Едва стрелки часов показали шесть, мы вышли из отеля.

– Невероятно, – заметил я, когда мы спускались с террасы. – Пытаться застрелить кого-то в саду отеля… Только сумасшедший мог пойти на такой риск.

– Я с вами не согласен. При одном условии это вполне безопасное мероприятие. Начать с того, что по саду никто не гуляет. Люди в отелях похожи на стадо овец. Здесь принято сидеть на террасе с видом на море – eh bien, все сидят на террасе и смотрят на море. И только я, единственный оригинал, выбираю террасу с видом на сад. Но даже я ничего не вижу. В саду есть где укрыться, вы ведь не могли не заметить: деревья, группы пальм, цветущие кусты. Кто угодно мог спрятаться среди них и, никем не замеченный, подождать, когда мадемуазель пройдет мимо. А она обязательно должна была пройти этим путем. Идти от Эндхауза по дороге куда дольше… Мадемуазель Ник Бакли наверняка из тех, кто всегда опаздывает, а потому выбирает самый короткий путь!

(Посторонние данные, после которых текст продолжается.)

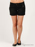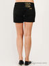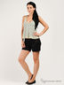 Детали: отрезной пояс со шлевками для ремня, застежка на пуговицу и молнию, два прорезных кармана спереди, два прорезных в рамках сзади, шорты с простроченными отворотами.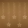 Ukras svijetleći dimenzija 500xh105cm sa 20 zvjezdica. 620 toplo bijelih LED lampica fi 5mm. Mogu se spojiti sa još jednim kompletom lampica (max 2 kom / 1240 LED lampica / 10m). Fiksno svjetlo+7 mogućih svjetlosnih efekata po izboru. 8-16h On-Off timer. SELV transformator, 31V, IP44 za vanjsku i unutarnju uporabu. Napojni prozirni kabel 4m dužine.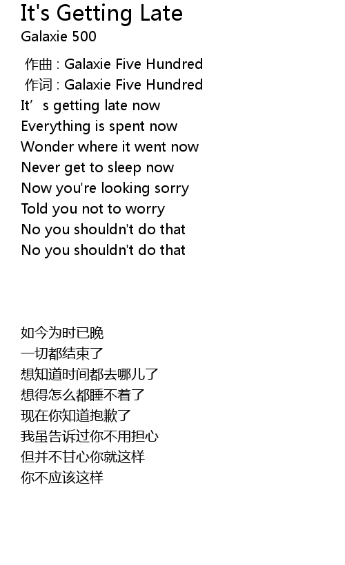 | 歌曲 | It's Getting Late |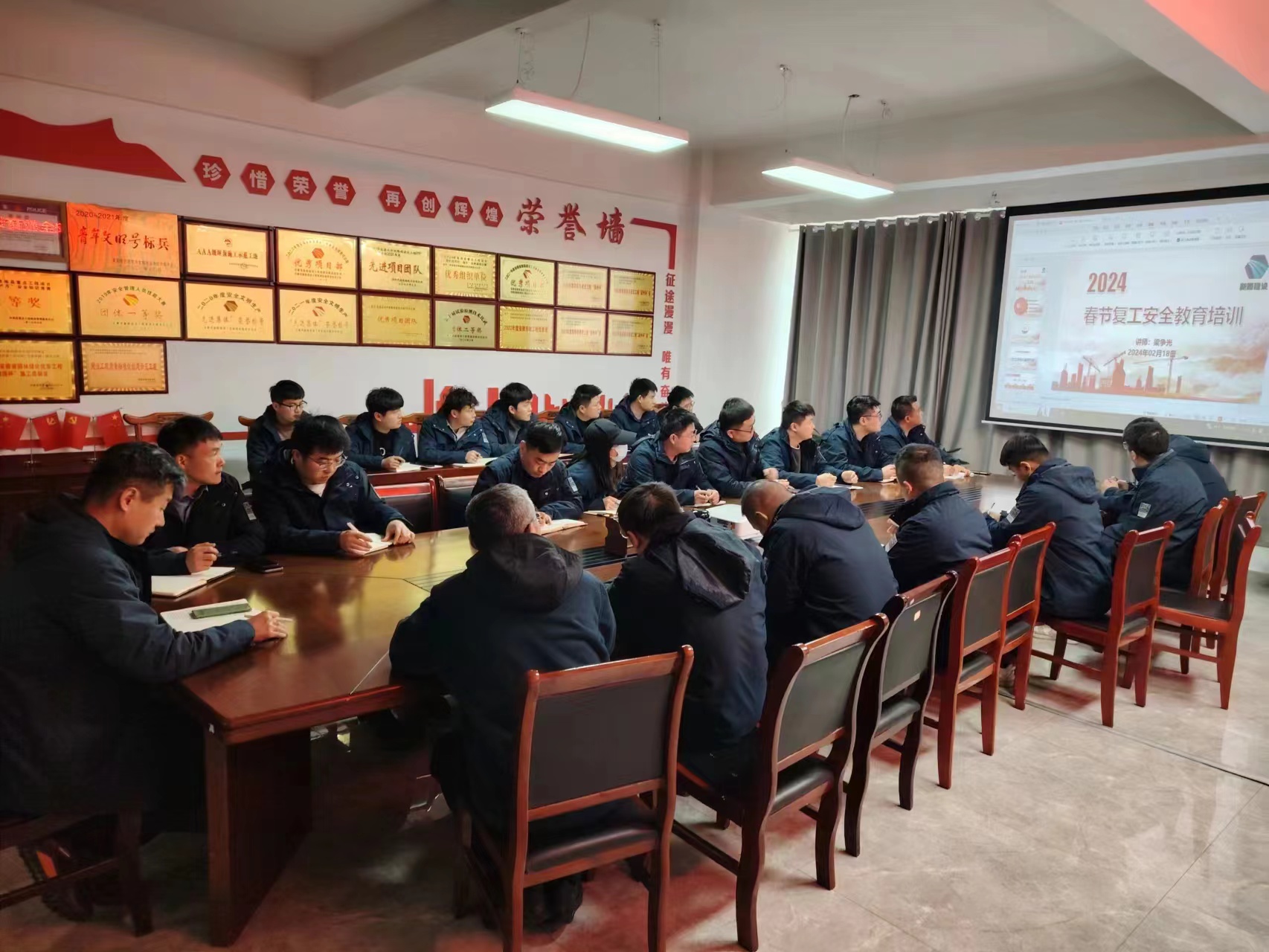 2024年2月18日,项目部开展了春节复工复产动员会暨安全教育培训,项目部全体人员学习了安全教育培训并观看安全警示教育片。本次培训针对节后安全风险隐患、安全注意事项、安全防范措施、应急处置措施等进行逐一讲解。通过本次培训进一步增强了全员抓好安全生产责任感,提高了项目部人员的安全管理意识。同时会议上结合现场施工情况部署了各项目的复工复产的施工计划,并要求项目安全科对各个班组在复工复产前开展全面性安全检查,主要对施工现场的各类设施、设备进行仔细的检查和维修,确保施工过程中的安全。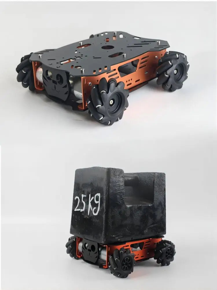 For maximum load performance (up to 25kg), choose the 1:90 encoder motor version and use a 12V lithium battery.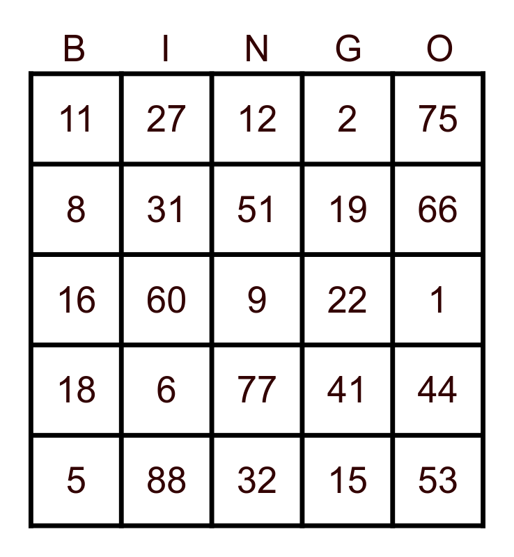 This bingo card has 25 words: 6, 32, 51, 5, 75, 11, 8, 27, 22, 77, 19, 16, 41, 44, 31, 53, 1, 12, 66, 60, 9, 88, 18, 2 and 15.
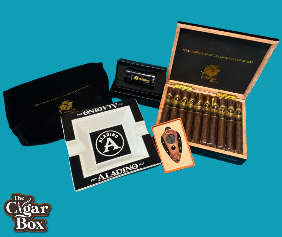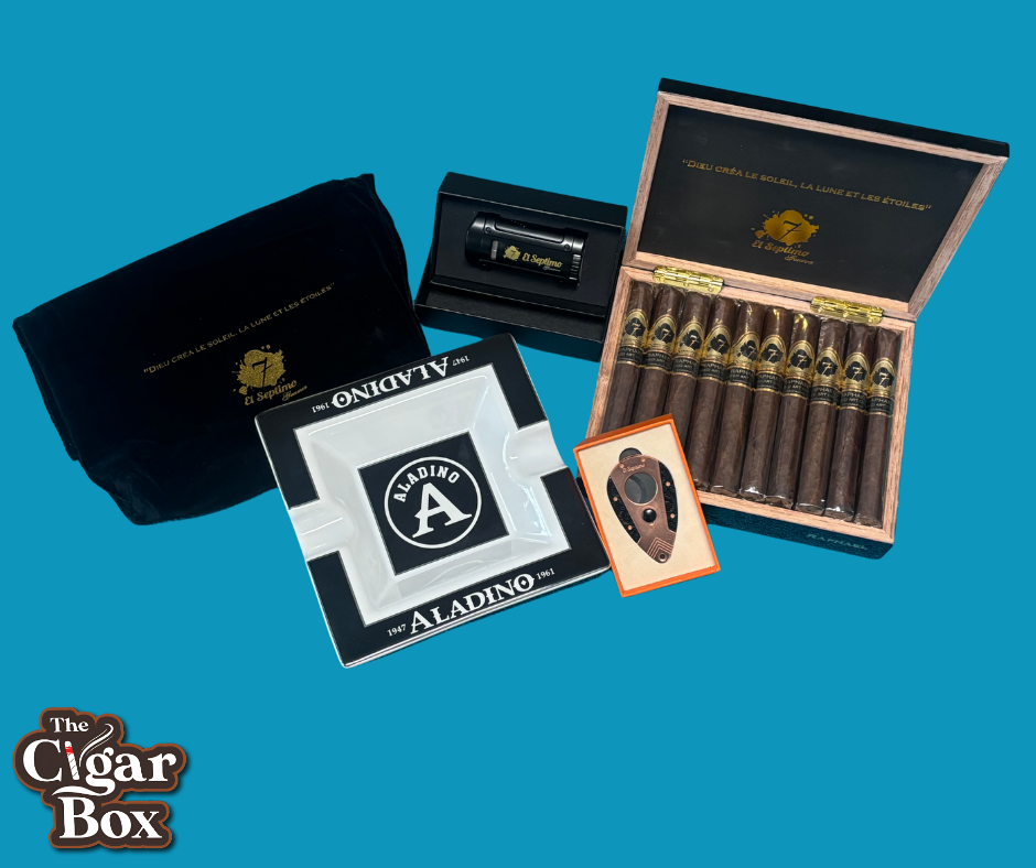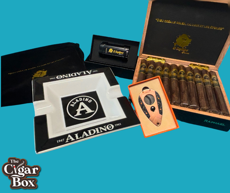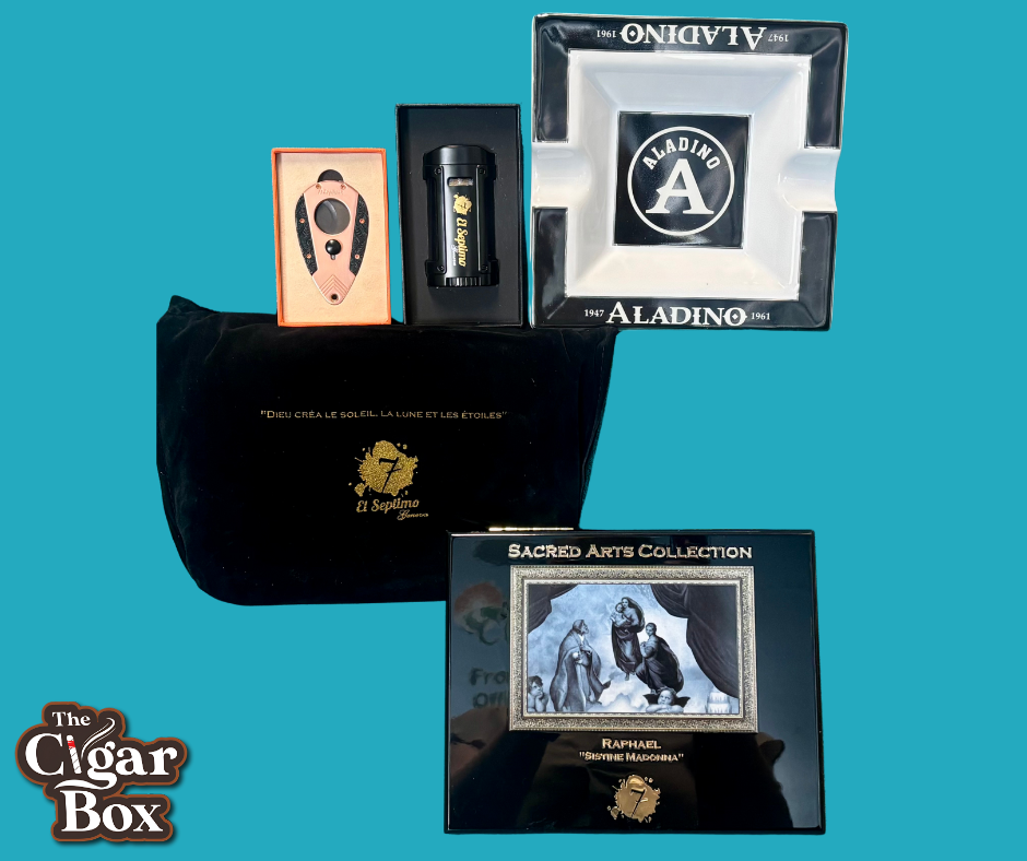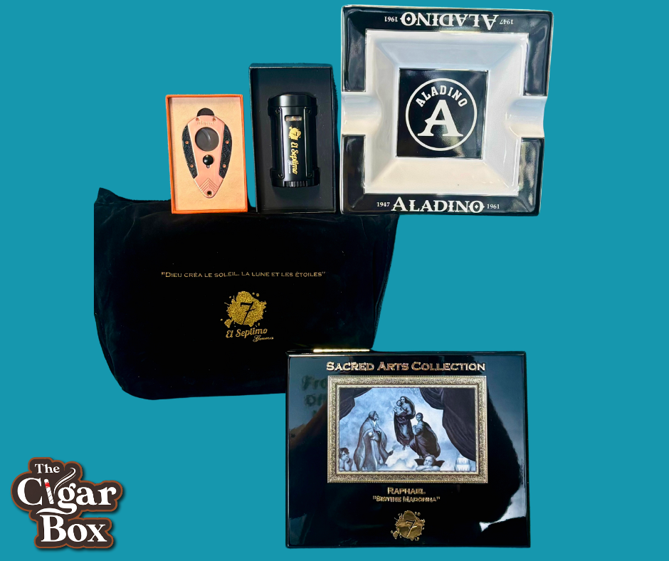 Check out this Amazing Set: *Box of 20 Premium cigars -Sacred Arts Cigar Collection- "Raphael" As elegant as the masterpieces of its namesake, the Raphael features a coppery, toothy wrapper and a flavor profile that is warm and inviting yet surprisingly bold. This robusto cigar transitions from notes of peanut oil and cocoa powder to a slightly bitter,over-roasted coffee tone, culminating in an herbal finish that lingers on the palate. Ideal for enthusiasts of herbal roasted cigars, the Raphael offers a satisfying experience for those who appreciate the nuances of an over-roasted coffee cigar. *El Septimo Double-Bladed Guillotine Cutter Made of copper and stainless steel, this El Septimo Cutter has a 57-ring gauge and even comes with a leather pouch to carry and protect your cutter in. *El Septimo Classic Quadruple Torch Lighter The windproof gas lighter is made of metal. It is refillable via the bottom inflator, as the clear viewing port allows customers to observe usage and gas levels at all times easily. The ergonomic handle offers smooth sides that fit comfortably in the hand, making the lighter easy to carry, as the blue flame burst offers a modern quartz-controlled electric ignition system that allows the flame to spray strongly, at high temperatures, and in a concentrated manner. This lighter doubles as a cigar holder, as cigars can be placed on the lighter between puffs. *Aladino Cigar Ashtray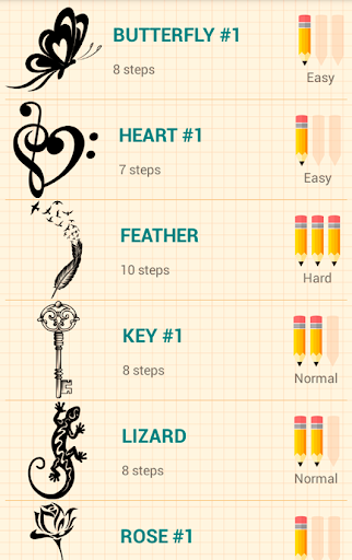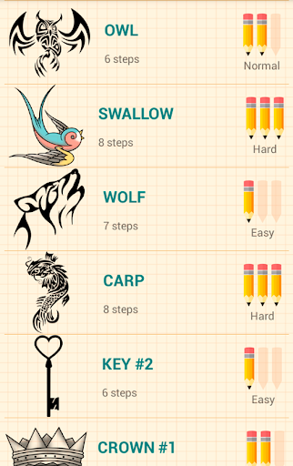 In simple steps allow you to perform fantastic drawings, just take a paper and a pencil, choose the tattoo that you like and follow step by step instructions. It is very easy to use.

– И все равно он сильно рисковал. Его могли увидеть, а стрельбу трудно выдать за несчастный случай.

Несчастный случай тут ни при чем.

– То есть?

– Так, небольшая догадка. Она может подтвердиться, а может, и нет. Не будем пока о ней; вернемся к тому, о чем я говорил раньше, – к главному условию.

– Каково же оно?

– Вы и сами могли бы назвать мне его, Гастингс.

– Ни в коем случае не хочу лишать вас удовольствия блеснуть умом за мой счет!

– О! Какой сарказм! Сколько иронии! Что ж, пожалуйста: условие прямо-таки бросается в глаза – мотив убийства наверняка не очевиден. Будь оно иначе – вот тогда это действительно был бы риск! Люди стали бы говорить: «Интересно, уж не сделал ли это Такой-то? Где находился Такой-то, когда раздался выстрел?» Нет, убийца – потенциальный убийца, точнее говоря, – в данном случае не очевиден. И вот почему я так боюсь, Гастингс! Да, сейчас я очень боюсь. Я успокаиваю себя. Я говорю себе: «Их четверо». Я твержу: «Ничего не случится, пока они все вместе». Я повторяю: «Только безумец пойдет на такой риск!» И все равно мне страшно. Эти «несчастные случаи» – я хочу знать о них всё!

Он резко отвернулся.

– Еще рано. Пойдемте по дороге. Саду все равно нечего нам предложить. Давайте осмотрим кружной путь к Эндхаузу.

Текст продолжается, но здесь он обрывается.